When the createTransactionSetInMemory() function is called, the function will create the required messages and stash the messages, and other variables required for testing, as global variables in Postman. If you want to see all the variables that are set, you can browse through the function's source code. When you execute the function in a test, you will also see all the created data logged to the console.

Rule Functionality Testing

The tests:

1.2. Rule Functionality Testing - Public GitHub.postman_collection.json

2.2. Rule Functionality Testing - Public DockerHub.postman_collection.json

will perform a series of tests to exhaustively test the behaviour of rule processor 901 (out of GitHub for test 1.2) and 901 and 902 (out of Docker Hub for test 2.2) for a range of provided inputs to make sure that every possible result that is produced by the rule processor is correct for all given requests.

The general flow of a rule processor's functionality tests is to set up the rule processor's identity, create a test transaction set, populate the parameters that would fill out the request payload and then send that payload to the rule processor directly via the NATS REST proxy.

The paragraphs below will provide a brief overview of each of the requests and tests in this test collection.

Let's look at these steps in detail, and how they are implemented in Postman.

Linking the utility library

Before using the utility library, we must link the test to the library as described above with the statement:

utils.setPm(pm);

Identifying the rule processor

The following statements set up a few variables to identify the rule process that we want to test.

const rule = '901';
const ruleVer = '1.0.0'
const configVer = '1.0.0'
const ruleId = `${rule}@${ruleVer}`;

The first three statements identify the rule "number", the version of the rule processor and the configuration version that we expect to use.
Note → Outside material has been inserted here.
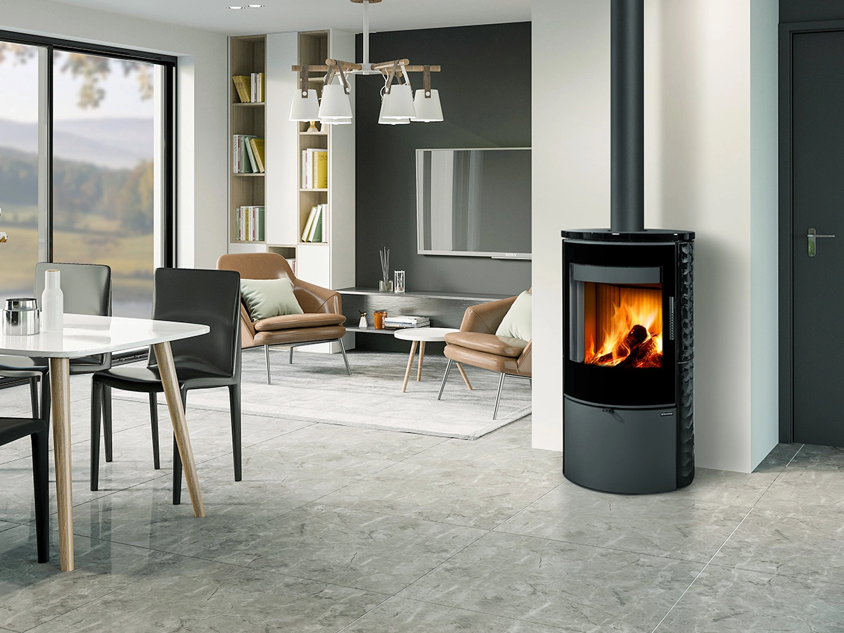 Zaoblený tvar krbových kamen SONE G společně s designovým sklem poskytují příjemný pohled na oheň, který nikdy nezevšední.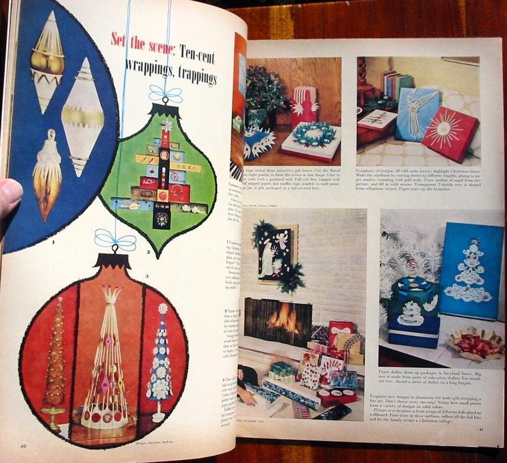 I'm a magazine addict. Nothing makes me happier than getting a bunch of new magazines. Except maybe a bunch of new magazines and a cupcake. The thing is I look at them for 15 minutes and then put them away. So now I have all these great magazines that someone else could surely enjoy. So this is your chance to get some nice magazines at a great price. If you like Mid-century and retro kitsch you'll like this magazine. It's kind of like everything old is new again and you'll find tons of things that are fun and appropriate for now. Make some decorations or food that isn't what everybody else is doing! 116 pages. Original price was just 35 cents. Better Homes and Gardens Dec 1955. Out of print and hard to find. 12 1/2 by 9 3/4 inches. There are some really interesting recipes and projects in this magazine. This issue is absolutely amazing with an article detailing how to create a home style smorgasbord, tuna star salad, cranberry Christmas wreath. Has tons of incredible ads. how to flock a tree, make a tree out of hangers, quick gifts for dad to make (like an entire race car or sailboat--you know QUICK gifts!), (and of course much more) Seems like far more substance than in any recent comparable magazines. Lots of fun stuff! First magazine ships for $5.40 and any additional magazines ship for just 50 cents.

You can read more about the meaning of these attributes on the Configuration Management page.

Out of these initial values, the rule processor calculates the rule identifier string and also the NATS publishing and subscription subjects for the rule processor, to be used by the NATS REST proxy to appropriately route the test request to the right input destination and listen for the result at the right output destination.

Set up the test transaction message set

The primary purpose of the utils function is to help testers to create valid incoming ISO20022 message sets to help facilitate the tests they are trying to perform. The utils library contains the createTransactionSetsInDatabase() function, which can be invoked simply as follows:

historicalMessageSets = utils.createTransactionSetsInDatabase();

This function will create a new transaction set containing pain.001, pain.013, pacs.008 and pacs.002 messages linked via a new and unique common EndToEndId identifier. The debtor, creditor and debtor and creditor account identifiers will also be newly generated and unique. The transaction set will contain a randomly generated amount for the "XTS" test currency between 10 and 1000. The remaining mandatory values of the ISO20022 messages will be defaulted to specific values.

Unlike creating the transaction set in memory, the transactions that are created straight to the database via the Hasura API and are NOT stashed as Postman global variables. Instead an array containing all the created messages is returned from the utility function as an object and the individual created messages can be accessed as follows, for example for the first (or the only) created messages in a set:

aPacs008 = createdMessageSet[0].pacs008;
aPacs002 = createdMessageSet[0].pacs002;

Note

The pain.001 and pain.013 messages will only be created if the Postman environment variable activepain001 is set to true.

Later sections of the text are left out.